MNeMoNiCuZ / joy-caption-batch

A batch captioning tool for joy_caption
MIT License
64 stars 7 forks source link

[Feature request] Use a different huggingface model for llama, not requiring sign-in #8

Closed MNeMoNiCuZ closed 1 week ago

kalle07 commented 1 week ago

eg llava-v1.5 llava-v1.6 or llava-llama-3-8b

may we need the mmproj file ???

let us use it like in kobold https://github.com/LostRuins/koboldcpp

MNeMoNiCuZ commented 1 week ago

eg llava-v1.5 llava-v1.6 or llava-llama-3-8b

may we need the mmproj file ???

let us use it like in kobold https://github.com/LostRuins/koboldcpp

Umm, I don't quite understand what you are saying.

But yes, being able to change the CLIP and LLM is the intent of this feature request.

I don't understand what you linked with kobold.

MNeMoNiCuZ commented 1 week ago

Added support for 2 models.
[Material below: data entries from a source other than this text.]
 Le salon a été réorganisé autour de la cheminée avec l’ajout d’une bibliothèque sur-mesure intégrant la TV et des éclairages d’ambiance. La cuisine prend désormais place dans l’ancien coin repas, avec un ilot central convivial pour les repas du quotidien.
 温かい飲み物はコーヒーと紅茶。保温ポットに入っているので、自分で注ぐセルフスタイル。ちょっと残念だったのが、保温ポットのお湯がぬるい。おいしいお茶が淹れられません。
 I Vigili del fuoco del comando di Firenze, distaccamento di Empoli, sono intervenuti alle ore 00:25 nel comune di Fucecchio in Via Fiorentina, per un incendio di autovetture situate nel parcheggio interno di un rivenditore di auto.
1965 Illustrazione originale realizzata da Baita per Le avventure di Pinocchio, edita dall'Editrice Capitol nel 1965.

It can easily be configured. One is for Low VRAM use, and one is for high.

kalle07 commented 1 week ago

kobold is usual an LLM gui .. but it has the ability to load any model with the mmproject file to recognize images

so now we can choose models without any huggingface account ?
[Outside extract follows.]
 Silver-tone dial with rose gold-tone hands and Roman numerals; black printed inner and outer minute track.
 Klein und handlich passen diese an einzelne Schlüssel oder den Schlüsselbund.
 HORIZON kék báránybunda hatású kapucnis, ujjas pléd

MNeMoNiCuZ commented 1 week ago

kobold is usual an LLM gui .. but it has the ability to load any model with the mmproject file to recognize images

so now we can choose models without any huggingface account ?

I see, okay. I don't know how to do that setup, but if you want to add it, feel free!

You can change to any huggingface model you wish. This was always the case, but I exposed it a bit higher up now:

# Clip path
CLIP_PATH = "google/siglip-so400m-patch14-384"

# Model paths based on VRAM usage
if LOW_VRAM_MODE:
    MODEL_PATH = "unsloth/llama-3-8b-bnb-4bit"
else:
    MODEL_PATH = "unsloth/Meta-Llama-3.1-8B"

I also added a low VRAM model option that can be used for faster speeds or lower VRAM GPUs.